= Beginning of Section =

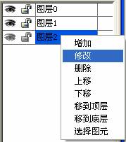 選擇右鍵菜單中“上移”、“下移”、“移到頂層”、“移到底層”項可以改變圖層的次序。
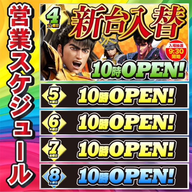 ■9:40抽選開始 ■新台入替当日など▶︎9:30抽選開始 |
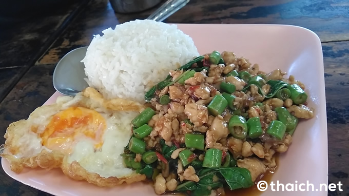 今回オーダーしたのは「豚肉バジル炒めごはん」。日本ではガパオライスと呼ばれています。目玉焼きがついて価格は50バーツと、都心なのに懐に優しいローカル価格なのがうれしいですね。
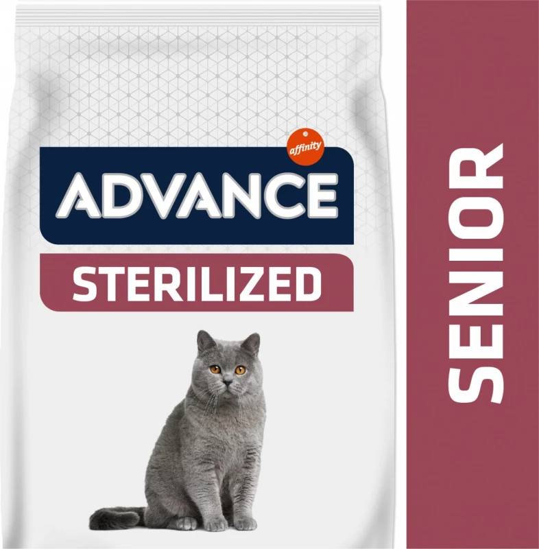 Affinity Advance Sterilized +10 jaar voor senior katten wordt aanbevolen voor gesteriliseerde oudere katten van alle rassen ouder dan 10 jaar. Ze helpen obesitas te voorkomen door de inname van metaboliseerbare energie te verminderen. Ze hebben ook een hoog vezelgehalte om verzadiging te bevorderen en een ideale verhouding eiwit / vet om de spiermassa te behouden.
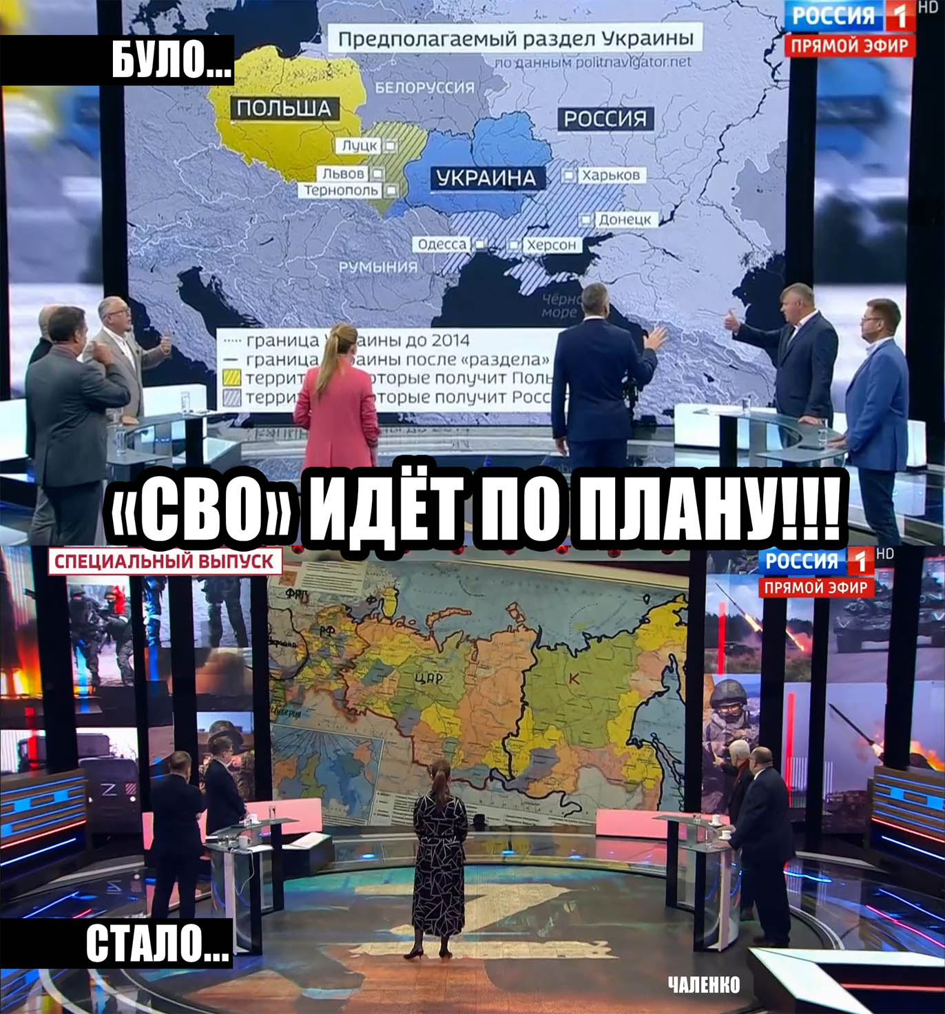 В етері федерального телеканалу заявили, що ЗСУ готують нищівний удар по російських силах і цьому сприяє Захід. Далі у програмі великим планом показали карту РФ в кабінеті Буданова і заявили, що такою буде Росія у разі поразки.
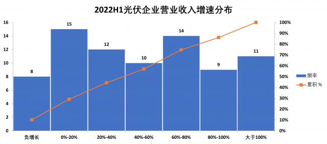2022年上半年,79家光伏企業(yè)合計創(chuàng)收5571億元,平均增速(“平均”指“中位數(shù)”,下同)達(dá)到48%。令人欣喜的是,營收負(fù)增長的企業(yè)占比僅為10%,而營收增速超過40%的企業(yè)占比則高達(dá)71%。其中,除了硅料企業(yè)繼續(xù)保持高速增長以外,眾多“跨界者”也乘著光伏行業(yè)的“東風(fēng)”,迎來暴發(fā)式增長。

= End of Section =

__Your assignment__
Give again, word for word, the line that contains "今回オーダーしたのは「豚肉バ" and every line after it through the end of the entries; omit the pictures.

__Response for this exercise__
 今回オーダーしたのは「豚肉バジル炒めごはん」。日本ではガパオライスと呼ばれています。目玉焼きがついて価格は50バーツと、都心なのに懐に優しいローカル価格なのがうれしいですね。
 Affinity Advance Sterilized +10 jaar voor senior katten wordt aanbevolen voor gesteriliseerde oudere katten van alle rassen ouder dan 10 jaar. Ze helpen obesitas te voorkomen door de inname van metaboliseerbare energie te verminderen. Ze hebben ook een hoog vezelgehalte om verzadiging te bevorderen en een ideale verhouding eiwit / vet om de spiermassa te behouden.
 В етері федерального телеканалу заявили, що ЗСУ готують нищівний удар по російських силах і цьому сприяє Захід. Далі у програмі великим планом показали карту РФ в кабінеті Буданова і заявили, що такою буде Росія у разі поразки.
2022年上半年,79家光伏企業(yè)合計創(chuàng)收5571億元,平均增速(“平均”指“中位數(shù)”,下同)達(dá)到48%。令人欣喜的是,營收負(fù)增長的企業(yè)占比僅為10%,而營收增速超過40%的企業(yè)占比則高達(dá)71%。其中,除了硅料企業(yè)繼續(xù)保持高速增長以外,眾多“跨界者”也乘著光伏行業(yè)的“東風(fēng)”,迎來暴發(fā)式增長。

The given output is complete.